I am engaged in neural network learning algorithms. So far, simple non-concurrent neural networks. So far, relatively simple algorithms, one form or another of gradient descents. Today I spoke at an interesting seminar on neuroinformatics, and I was asked why to rediscover what was invented? ')
And there really is a matlab. Anyone in two movements can create and train a standard grid with one of the ready-made standard and already optimized algorithms, teach some scary standard classification problem and everything will be fine with it. This is all the more relevant, given that since the 70s of the last century, nothing fundamentally new has happened in the matter of reversing the error. And new grids are already in the lab.
In this post I will try to show why you need to reinvent the wheel. Less words, so to speak, more pictures. I sat down and made a couple of videos in a few hours.
We will solve the problem from my previous article. Let's take a standard network tested for decades, a multilayer perceptron in 4 layers of 10 neurons, fully connected with an additional bias-synapse for each neuron (since Rumelhart's times there is nothing more boring). At the entrance he will be given coordinates in the range [-1; 1], and at the exit expect a prediction in the form of three numbers, what color the dot should be in the photo of a flying peacock in this place. And then we request colors from the network for all points within the picture and see what it has learned.
On the left is the picture that the network draws, and at the bottom of it the RMSE is the root-mean-square error of the network at all points of the picture. The bottom right graph of the mean square error for all points of the era. The points are chosen randomly, so the error differs from the average for all data. The graph is dynamically rescaled to be better seen. And at the top of the schedule scale. Finally, the last upper right square is the position of the network in a random two-dimensional phase space. This visualization method is described in detail in one of my past articles . It is very convenient to understand what is happening inside the network.
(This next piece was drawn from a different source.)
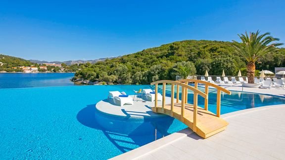 Chcesz się zatrzymać w malowniczym, bezpiecznym porcie, gdzie rano będzie Cię budził szum morza? Ten hotel to idealny wybór! Położony tuż przy plaży, na pięknej wyspie, niedaleko centrum klimatycznego miasta Korčula, zaprasza na beztroskie wakacje w wyjątkowym otoczeniu. W hotelu jasne, przestronne pokoje, restauracje i bary, w tym na plaży, a także baseny, z których podziwiać można niezapomniane widoki na zatokę. Na dzieci czeka tu plac zabaw oraz rozrywkowe animacje dla całej rodziny. Koniecznie wypożycz rower i zwiedź miasto oraz jego okolicę!

We will teach the first network with the most oak method - the usual gradient descent. Educational examples will be fed in batches of 300 points. The method is still used as part of more complex algorithms. For example, when training trump deep nets. In the video 1000 epochs one frame per epoch. Adaptive speed, in the range of 0.1-0.01
The video shows that by the middle of training the network almost ceases to improve the error at RMSE = 0.35, but the phase picture shows that there is some kind of stable lateral drift below the noise level. Let's go through about 8000 epochs over the last few frames and see the local minimum in which this drift ends. The network stopped at the turn of RMSE = 0.308, further pointless to mock it.
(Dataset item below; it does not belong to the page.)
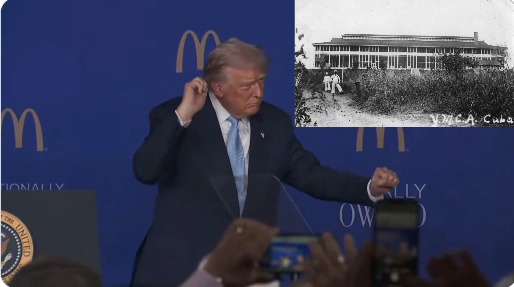 而是他在台上模仿举重和跳 Y.M.C.A. 的那段“总统级尬舞”。
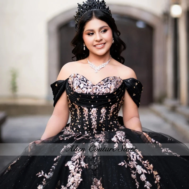 Abito Nero Lucido da Principessa per Festa dei 16 Anni, Vestito Quinceanera con Applicazioni in Pizzo, Perline e Tulle, Abito per Compleanno e Festa dei 15 Anni

Now take the second video. The same 4 layers of 10 neurons. But here I include almost all the power of my best semi-stochastic algorithms, invented in the process of reinventing the bicycle. The size of the pack for the Mini-batch adaptively changes from 100 to 1000, the speed also goes one and a half orders of magnitude.
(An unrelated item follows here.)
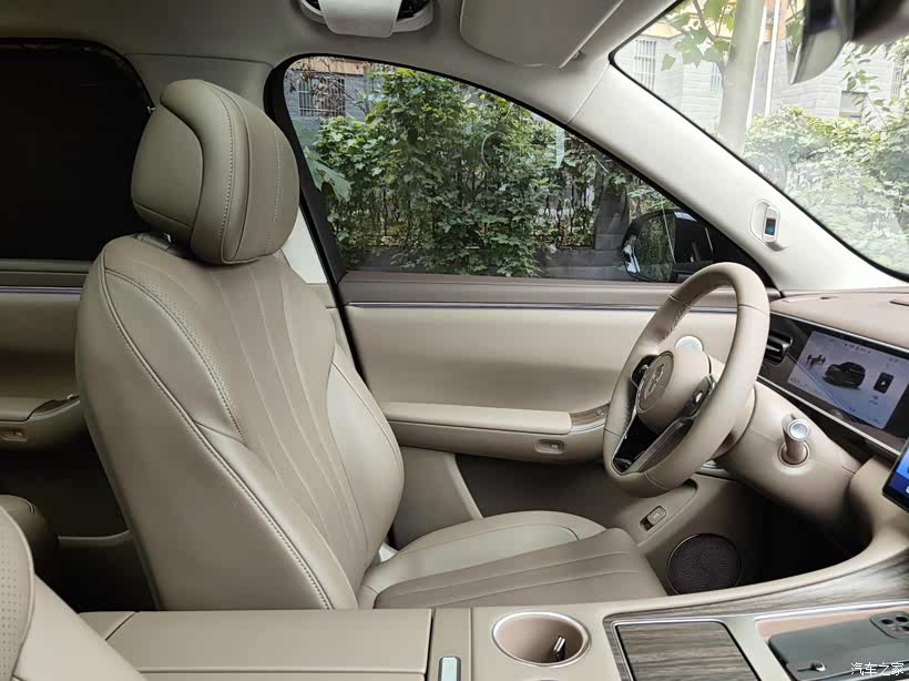 内饰选的松露棕,属于偏深的棕色,耐脏是真的,小孩不小心蹭上污渍,擦一下就没了。座椅是Nappa皮的,摸着手感确实比之前试驾的人造皮舒服,坐久了也不会觉得闷。

We immediately see that everything is much more cheerful. The network for 100 eras passes the limit to which the method from the textbook did not reach for many thousands, and after 500 epochs we admire a much more beautiful picture that could reach RMSE = 0.24 maybe this is not the end and it is dramatically better than algorithms without stochastics. The picture shows that the network has mastered a much more beautiful transformation.
But that's not the point. Let's compare this rather good result with the picture from the previous article. Obtained by almost the same algorithms with stochastics, but on a network that does not have such a rudiment as fixed layers. RMSE = 0.218
Personally, one glance is enough for me to understand that before moving on some things in neuroinformatics would do well to rediscover it. As Jobs said “Stay Hungry. Stay Foolish. ”Very much in neuroscience can be improved by the most ordinary person on the most ordinary home computer if he has an idea, and he takes time to do it. Too little knowledge has been accumulated here, too much is left in the legacy of the time of computers occupying the floor, too many wonderful algorithms just no one has ever tried.
And then, maybe tomorrow, Google will offer you a billion, or even even better, future brains in the bank will be named in your honor. Or even cooler - you will be interested to live in this world.